Genetalks / gtz

A high performance and compression ratio compressor for genomic data, powered by GTXLab of Genetalks.
Other
171 stars 39 forks source link

weird gtz behavior #2

Closed jchenpku closed 6 years ago

jchenpku commented 7 years ago

I'm trying to compress a fastq file by gtz. However I obtained 3 totally different outcome by just modify the output

The first one was a success! cat DMS_273.2_1.fastq | gtz -o ./G20481.DMS_273.2_1.fastq.gtz Powered by GTXLab of Genetalks. Compressor initializing ... compressing ... id: 375442529 / 3183320019 base: 819648004 / 8518710584 quality: 2158646143 / 8518710584 () source/compressed : 20468858971/3353746175. ratio : 16.385% The cost time of compressing () is 00:06:11 (hh::mm:ss)

Compress finished, the total cost time is 00:06:11 (hh:mm:ss)

real 6m14.742s user 134m18.192s sys 1m8.160s #################### This one caused an immediate error cat DMS_273.2_1.fastq | gtz -o G20481.DMS_273.2_1.fastq.gtz Powered by GTXLab of Genetalks. Compressor initializing ... gtz: line 8: 47524 Segmentation fault (core dumped) $basepath/_gtz $@

real 0m0.198s user 0m0.004s sys 0m0.000s ##################### This one was aborted cat DMS_273.2_1.fastq | gtz -c > G20481.DMS_273.2_1.fastq.gtz Powered by GTXLab of Genetalks. Compressor initializing ... compressing ... id: 375442529 / 3183320019 base: 819648212 / 8518710584 quality: 2158646143 / 8518710584 () source/compressed : 20468858971/3353746396. ratio : 16.385% The cost time of compressing () is 00:07:01 (hh::mm:ss)

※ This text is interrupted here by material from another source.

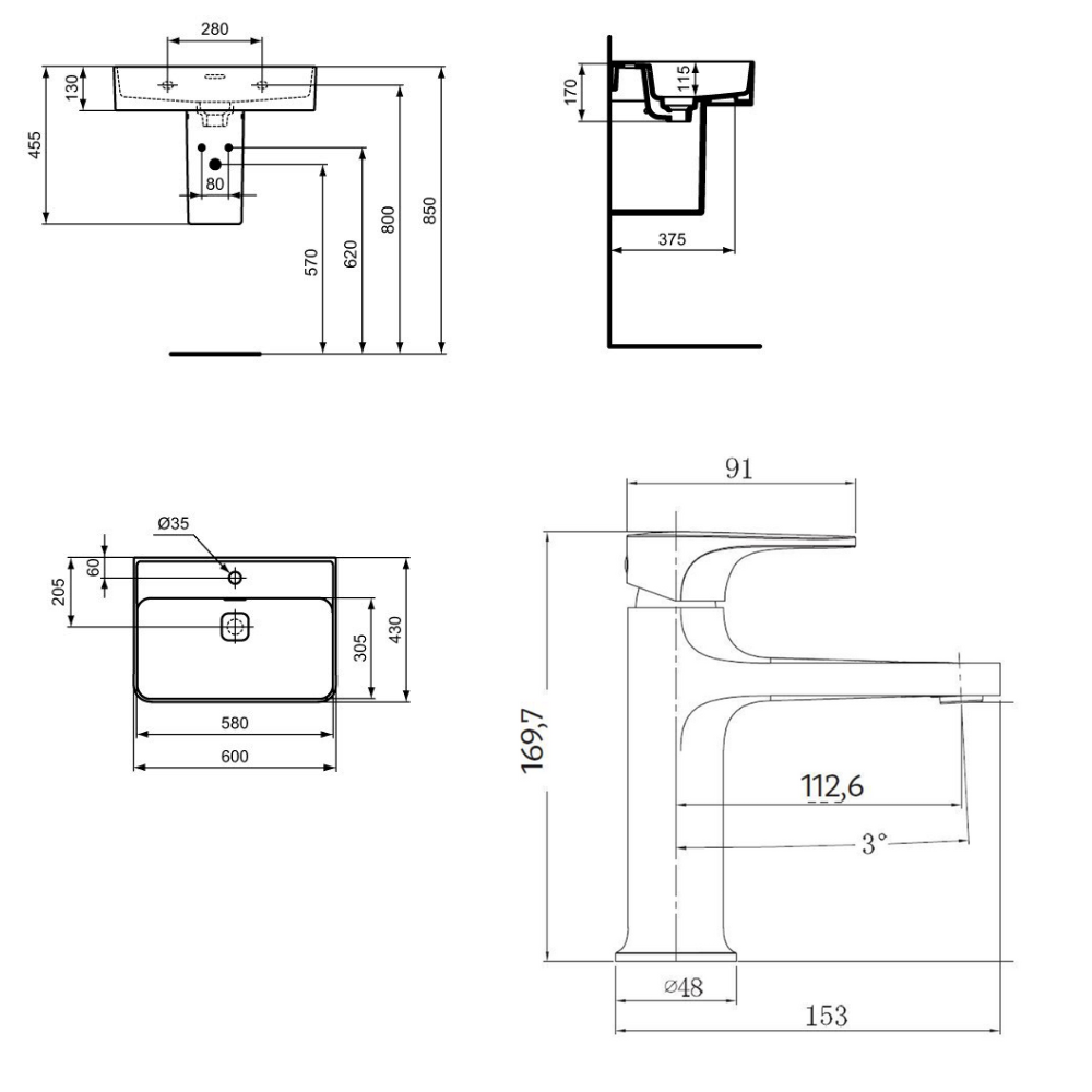- Type de produit:Lavabo + mitigeur

Compress finished, the total cost time is 00:07:02 (hh:mm:ss) terminate called without an active exception gtz: line 8: 23992 Aborted (core dumped) $basepath/_gtz $@

real 7m6.006s user 136m5.360s sys 1m6.200s

############# This is the status by pigz: cat DMS_273.2_1.fastq | pigz -p 4 -c > G20481.DMS_273.2_1.fastq.gz

real 6m4.838s user 23m46.496s sys 0m29.420s

############# This is the final file: 3.2G Apr 4 19:55 G20481.DMS_273.2_1.fastq.gtz 5.1G Apr 4 19:36 G20481.DMS_273.2_1.fastq.gz

The compression ratio is very good.

superligen commented 7 years ago

cat DMS_273.2_1.fastq | gtz -c > G20481.DMS_273.2_1.fastq.gtz "-c" can be only used with "-d". In gtz design, '-c' is used to write decompressed data to stdout stream. We will improve the command line parameter check function in the next release.

superligen commented 7 years ago

cat DMS_273.2_1.fastq | gtz -o G20481.DMS_273.2_1.fastq.gtz Powered by GTXLab of Genetalks. Compressor initializing ... gtz: line 8: 47524 Segmentation fault (core dumped) $basepath/_gtz $@

We have found the similar problem in gtz when deal with some quality numbers. Please try to use 0.2.2b version: https://github.com/Genetalks/gtz/archive/0.2.2b_tech_preview.tar.gz

Feel free to tell us whether the problem has been solved.